DATASET EXCERPTS ▸

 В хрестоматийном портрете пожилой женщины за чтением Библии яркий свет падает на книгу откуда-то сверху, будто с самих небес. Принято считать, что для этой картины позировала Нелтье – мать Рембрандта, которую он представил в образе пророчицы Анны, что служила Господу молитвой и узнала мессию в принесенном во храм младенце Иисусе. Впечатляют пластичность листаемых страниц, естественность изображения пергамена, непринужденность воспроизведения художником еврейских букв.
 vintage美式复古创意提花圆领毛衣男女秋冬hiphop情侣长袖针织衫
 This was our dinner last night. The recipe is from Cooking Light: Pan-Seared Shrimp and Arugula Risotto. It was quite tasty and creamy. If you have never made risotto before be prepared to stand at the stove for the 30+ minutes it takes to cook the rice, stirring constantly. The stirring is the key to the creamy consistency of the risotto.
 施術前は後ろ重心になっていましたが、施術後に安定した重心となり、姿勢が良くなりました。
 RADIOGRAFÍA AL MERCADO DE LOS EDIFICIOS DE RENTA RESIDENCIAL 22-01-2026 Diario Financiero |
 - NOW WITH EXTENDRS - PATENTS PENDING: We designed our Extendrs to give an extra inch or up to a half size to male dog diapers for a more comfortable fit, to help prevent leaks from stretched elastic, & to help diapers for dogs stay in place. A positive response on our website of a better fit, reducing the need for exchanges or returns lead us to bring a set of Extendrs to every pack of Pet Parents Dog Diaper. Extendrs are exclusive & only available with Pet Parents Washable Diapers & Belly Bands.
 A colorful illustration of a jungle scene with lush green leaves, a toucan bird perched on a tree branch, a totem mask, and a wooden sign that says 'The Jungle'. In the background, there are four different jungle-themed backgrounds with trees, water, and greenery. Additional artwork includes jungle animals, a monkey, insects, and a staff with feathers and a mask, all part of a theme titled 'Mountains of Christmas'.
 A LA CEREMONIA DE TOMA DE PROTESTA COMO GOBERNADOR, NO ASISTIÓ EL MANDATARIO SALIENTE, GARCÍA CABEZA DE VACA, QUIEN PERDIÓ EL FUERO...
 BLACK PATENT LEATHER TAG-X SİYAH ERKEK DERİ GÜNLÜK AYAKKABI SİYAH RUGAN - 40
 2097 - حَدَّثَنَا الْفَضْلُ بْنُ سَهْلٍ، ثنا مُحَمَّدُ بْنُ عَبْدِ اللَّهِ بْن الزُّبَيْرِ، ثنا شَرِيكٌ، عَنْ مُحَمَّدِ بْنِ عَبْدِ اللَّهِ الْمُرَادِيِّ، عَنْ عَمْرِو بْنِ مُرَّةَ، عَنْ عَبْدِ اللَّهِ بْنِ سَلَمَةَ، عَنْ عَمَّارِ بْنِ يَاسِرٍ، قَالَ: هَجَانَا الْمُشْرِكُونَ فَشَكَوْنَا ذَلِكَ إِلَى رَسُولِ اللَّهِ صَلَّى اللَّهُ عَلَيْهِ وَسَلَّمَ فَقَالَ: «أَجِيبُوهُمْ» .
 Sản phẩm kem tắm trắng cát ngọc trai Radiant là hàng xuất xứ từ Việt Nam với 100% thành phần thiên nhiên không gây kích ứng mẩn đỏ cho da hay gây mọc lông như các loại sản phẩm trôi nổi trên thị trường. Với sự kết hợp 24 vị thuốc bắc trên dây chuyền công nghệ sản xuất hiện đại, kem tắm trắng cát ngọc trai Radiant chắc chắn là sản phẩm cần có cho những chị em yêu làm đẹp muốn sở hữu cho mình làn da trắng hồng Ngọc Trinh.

WHAT NEEDS TO BE DONE ▸ Return the material in its entirety, word for word.

RESULT ▸
 В хрестоматийном портрете пожилой женщины за чтением Библии яркий свет падает на книгу откуда-то сверху, будто с самих небес. Принято считать, что для этой картины позировала Нелтье – мать Рембрандта, которую он представил в образе пророчицы Анны, что служила Господу молитвой и узнала мессию в принесенном во храм младенце Иисусе. Впечатляют пластичность листаемых страниц, естественность изображения пергамена, непринужденность воспроизведения художником еврейских букв.
 vintage美式复古创意提花圆领毛衣男女秋冬hiphop情侣长袖针织衫
 This was our dinner last night. The recipe is from Cooking Light: Pan-Seared Shrimp and Arugula Risotto. It was quite tasty and creamy. If you have never made risotto before be prepared to stand at the stove for the 30+ minutes it takes to cook the rice, stirring constantly. The stirring is the key to the creamy consistency of the risotto.
 施術前は後ろ重心になっていましたが、施術後に安定した重心となり、姿勢が良くなりました。
 RADIOGRAFÍA AL MERCADO DE LOS EDIFICIOS DE RENTA RESIDENCIAL 22-01-2026 Diario Financiero |
 - NOW WITH EXTENDRS - PATENTS PENDING: We designed our Extendrs to give an extra inch or up to a half size to male dog diapers for a more comfortable fit, to help prevent leaks from stretched elastic, & to help diapers for dogs stay in place. A positive response on our website of a better fit, reducing the need for exchanges or returns lead us to bring a set of Extendrs to every pack of Pet Parents Dog Diaper. Extendrs are exclusive & only available with Pet Parents Washable Diapers & Belly Bands.
 A colorful illustration of a jungle scene with lush green leaves, a toucan bird perched on a tree branch, a totem mask, and a wooden sign that says 'The Jungle'. In the background, there are four different jungle-themed backgrounds with trees, water, and greenery. Additional artwork includes jungle animals, a monkey, insects, and a staff with feathers and a mask, all part of a theme titled 'Mountains of Christmas'.
 A LA CEREMONIA DE TOMA DE PROTESTA COMO GOBERNADOR, NO ASISTIÓ EL MANDATARIO SALIENTE, GARCÍA CABEZA DE VACA, QUIEN PERDIÓ EL FUERO...
 BLACK PATENT LEATHER TAG-X SİYAH ERKEK DERİ GÜNLÜK AYAKKABI SİYAH RUGAN - 40
 2097 - حَدَّثَنَا الْفَضْلُ بْنُ سَهْلٍ، ثنا مُحَمَّدُ بْنُ عَبْدِ اللَّهِ بْن الزُّبَيْرِ، ثنا شَرِيكٌ، عَنْ مُحَمَّدِ بْنِ عَبْدِ اللَّهِ الْمُرَادِيِّ، عَنْ عَمْرِو بْنِ مُرَّةَ، عَنْ عَبْدِ اللَّهِ بْنِ سَلَمَةَ، عَنْ عَمَّارِ بْنِ يَاسِرٍ، قَالَ: هَجَانَا الْمُشْرِكُونَ فَشَكَوْنَا ذَلِكَ إِلَى رَسُولِ اللَّهِ صَلَّى اللَّهُ عَلَيْهِ وَسَلَّمَ فَقَالَ: «أَجِيبُوهُمْ» .
 Sản phẩm kem tắm trắng cát ngọc trai Radiant là hàng xuất xứ từ Việt Nam với 100% thành phần thiên nhiên không gây kích ứng mẩn đỏ cho da hay gây mọc lông như các loại sản phẩm trôi nổi trên thị trường. Với sự kết hợp 24 vị thuốc bắc trên dây chuyền công nghệ sản xuất hiện đại, kem tắm trắng cát ngọc trai Radiant chắc chắn là sản phẩm cần có cho những chị em yêu làm đẹp muốn sở hữu cho mình làn da trắng hồng Ngọc Trinh.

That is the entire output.